Plaintiff seeks to enjoin or void an Arizona state court foreclosure action and sale,
but this Court must abstain from exercising jurisdiction. This Court is not a reviewing court and
4
lacks jurisdiction to compel another court to act. See 28 U.S.C. §§ 1331, 1332 (general
jurisdictional provisions). To the extent the matter is still pending in Arizona State Court, this
Court is restrained from interfering under the Younger abstention doctrine. See Younger v.
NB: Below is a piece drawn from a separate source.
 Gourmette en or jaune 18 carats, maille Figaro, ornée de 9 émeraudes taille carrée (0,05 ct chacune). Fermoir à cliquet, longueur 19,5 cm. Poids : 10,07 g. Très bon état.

Harris, 401 U.S. 37, 45 (1971) (“[T]he normal thing to do when federal courts are asked to
enjoin pending proceedings in state courts is not to issue such injunctions.”). 3 To the extent that
the matter is not still pending and the foreclosure sale was scheduled pursuant to a final state
court judgment, the Court must abstain under the Rooker-Feldman abstention doctrine. This
doctrine, named for Rooker v. Fidelity Trust Co., 263 U.S. 413 (1923) and District of Columbia
Court of Appeals v. Feldman, 460 U.S. 462 (1983), provides that a federal district court has no
jurisdiction over actions which essentially seek “appellate review of the state judgment in a
United States district court, based on the losing party’s claim that the state judgment itself
violates the loser’s federal rights.” Johnson v. De Grandy, 512 U.S. 997, 1005–06 (1994); see
also Gray v. Poole, 275 F.3d 1113, 1119 (D.C. Cir. 2002) (Rooker-Feldman prohibits federal
courts from “hearing cases that amount to the functional equivalent of an appeal from a state
court”). In a case like this one, Tremel v. Bierman & Geesing, LLC, 251 F. Supp. 2d 40 (D.D.C.
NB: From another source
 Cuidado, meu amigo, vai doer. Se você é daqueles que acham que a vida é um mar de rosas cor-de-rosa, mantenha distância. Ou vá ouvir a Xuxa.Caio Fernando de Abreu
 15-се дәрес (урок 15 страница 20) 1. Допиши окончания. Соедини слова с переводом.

2003), the plaintiff was a mortgagor who challenged a state court’s decision to ratify the
foreclosure sale of his residence. He sought possession of his residence and damages, alleging a
due process violation, fraud, and discrimination. Tremel, 251 F. Supp. 2d at 46 n.8. Since the
plaintiff sought the equivalent of appellate review of state court rulings, the district court
dismissed the suit for lack of jurisdiction under Rooker-Feldman. Id. at 45–46. Similarly,
3
Younger abstention arises from strong policies of comity and federalism that counsel against
the exercise of jurisdiction where state proceedings have already begun. See Ohio Civil Rights
Comm’n v. Dayton Christian Sch., Inc., 477 U.S. 619, 626–27 (1986); see also District
Properties Assoc. v. District of Columbia, 743 F.2d 21, 27 (D.C. Cir. 1984).
5
Christopher Stoller raises due process claims and fraud in connection with the scheduled
foreclosure sale of his property. This Court must abstain from exercising jurisdiction under
Younger and Rooker-Feldman. 4
For the reasons explained above, Christopher Stoller’s motion for a temporary
restraining order, preliminary injunction, and pre-sale injunction [Dkt. 2] will be denied and the
Complaint will be dismissed for lack of jurisdiction.
Date: October 22, 2015 /s/
ROSEMARY M. COLLYER
United States District Judge
4
Further, Christopher Stoller lacks standing to sue on Counts 1 and 2 because those Counts
assert the rights of others, not rights inuring to Mr. Stoller. See Compl. ¶¶ 94, 98-99 (alleging
that the debts of Phillip Stone, Stoller’s predecessor in interest in the property, were discharged
in bankruptcy, and that Defendants violated the discharge injunction); ¶ 94 (alleging that
Defendants sent out over 265,000 unlawful debt collection letters to defraud homeowners). To
have Article III standing, a plaintiff must allege: “(1) [he] has suffered an ‘injury in fact’ that is
(a) concrete and particularized and (b) actual or imminent, not conjectural or hypothetical;
(2) the injury is fairly traceable to the challenged action of the defendant; and (3) it is likely, as
opposed to merely speculative, that the injury will be redressed by a favorable decision.”
Friends of the Earth, Inc. v. Laidlaw Envtl. Servs., 528 U.S. 167, 180-81 (2000) (citing Lujan v.
Defenders of Wildlife, 504 U.S. 555, 560-61 (1992). Counts 1 and 2 do not allege that
Christopher Stoller has standing to bring those claims.